While the UK state deals with Brexit (and the ongoing threat from Scottish and Irish nationalism), in France an empty suit like Macron was required to simultaneously pander to and stave off the threat of the Front National. In Spain, the Basque Country and Catalonia’s demand for independence has thrown the Spanish state into constitutional flux resulting in a repressive reflex. In Italy, the Northern League could be cast as power-brokers after the forthcoming election (and let us point out this is after the EU installed a technocratic – that is to say unelected! – government on the people of Italy). And in Germany, Merkel’s power ebbs away after a disappointing election result and her failure to form a government. Just last week her would-be coalition partners, the centre left SDP, were polling at 17% – a historic low- and just 4% above the far right AfD. This trend is mirrored in almost every other European state.

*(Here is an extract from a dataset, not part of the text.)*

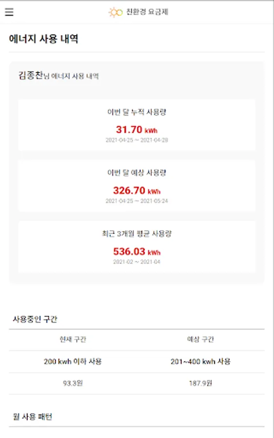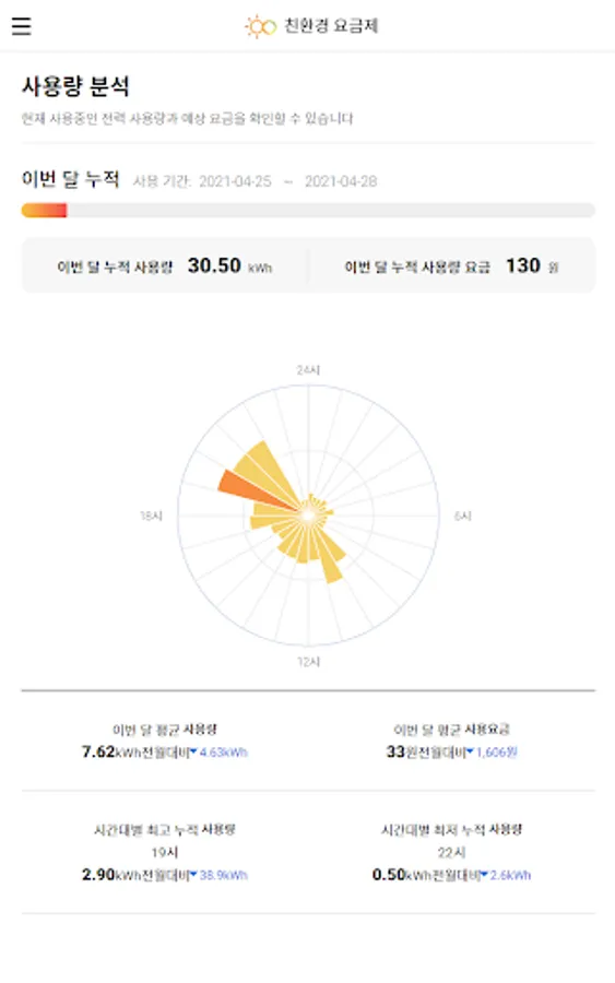 Hourly usage analysis, daily average usage analysis, expected usage this month, expected usage fee, comparison analysis of neighborhood and complex usage

While the rise of the far right is overdetermined (like Brexit and Trump) one of the most common explanations is the rise of immigration, or more accurately, the claim that the rise in immigration has resulted in a hostility to immigrants and support for the far right. I will return to the indigenous response to the arrival of immigrants in a moment, but first we need to ask ourselves where are these people coming from and why are they coming to Europe? The answer lies in a new form of imperialism.

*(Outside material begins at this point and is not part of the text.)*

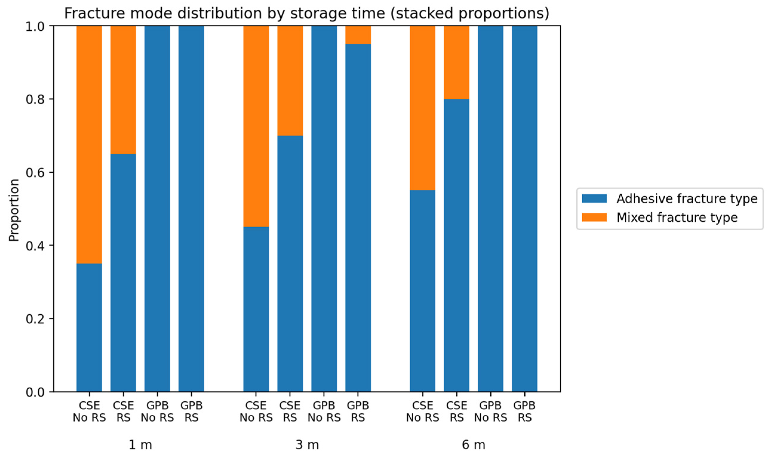 Bond strength (MPa) was analyzed using a three-way factorial model (Adhesive × Pretreatment × Time). Model residuals deviated from normality (Shapiro–Wilk p = 5.67 × 10−7) and variances were heterogeneous across groups (Levene p = 3.46 × 10−14). Therefore, heteroscedasticity-consistent (HC3) robust standard errors were used for inference (Wald F tests). The significance level was set at α = 0.05. Fracture mode (adhesive vs. mixed) was analyzed using contingency tables with χ2 tests (and Fisher’s exact test when expected counts were small). The authors hereby disclose that generative artificial intelligence (GenAI) has been used in statistical analysis.

If we take Africa as an example, historically the imperialist model involved states occupying weaker states and plundering their resources until a movement of national liberation emerged. At this point the imperial state would hang on as long as possible before attempting to find a friendly (to the imperial state) dictator who they could cut a deal with to allow the plunder to continue as seamlessly as possible. Today, the new form of imperialism no longer physically occupies the weaker nation and they have also dispensed with the need for puppet regimes. If we look at Libya, the country has been broken up into several parts controlled by various armed gangs. These militias function to suppress the population and provide security for international corporations to continue the plunder of resources. Crucially these nations are stripped of state power, thereby rendering the state unable to respond as a state. Never again will Libya have a dictator with the internal or external power of Gaddafi. Why? Because dictators can change sides in ‘the great game’.

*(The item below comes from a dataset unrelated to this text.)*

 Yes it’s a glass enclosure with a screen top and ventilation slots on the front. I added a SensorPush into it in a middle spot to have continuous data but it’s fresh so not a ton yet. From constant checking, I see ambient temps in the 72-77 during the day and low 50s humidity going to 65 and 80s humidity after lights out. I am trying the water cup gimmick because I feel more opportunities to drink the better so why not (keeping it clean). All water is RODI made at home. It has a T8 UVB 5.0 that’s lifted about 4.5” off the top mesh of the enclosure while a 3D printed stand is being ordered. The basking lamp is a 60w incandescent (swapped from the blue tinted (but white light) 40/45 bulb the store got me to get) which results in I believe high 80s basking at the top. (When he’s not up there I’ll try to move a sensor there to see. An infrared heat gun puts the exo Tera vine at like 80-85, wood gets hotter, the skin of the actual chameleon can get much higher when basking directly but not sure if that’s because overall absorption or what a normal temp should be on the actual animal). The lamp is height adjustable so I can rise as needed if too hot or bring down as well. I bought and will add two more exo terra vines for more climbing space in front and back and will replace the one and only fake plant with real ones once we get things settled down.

We could just as easily have mentioned Sudan, Yemen, Afghanistan, Iraq, Syria (specifically the Kurdish ‘protectorate’ is a good example here – and Turkey’s recent actions in this ‘protectorate’ reinforce the point) to make the same point. States effectively broken up and stripped of state power. The resultant areas or zones are controlled by armed groups, religious maniacs and most probably bombed from drones sent by the same Western states that created the mayhem in the first place. And then we wonder why the inhabitants of these areas decide to flee and head for Europe?
It is the actions of Western states creating these immigration flows. Those of us in these states have a moral and political responsibility to link the issue of immigration to the actions of our governments. This point is often overlooked by those who treat immigrants as some sort of charity issue. Or even worse use the plight of immigrants and refugees to feel better about themselves and shout down the working class who, through reason not racism, demand a debate on the issue.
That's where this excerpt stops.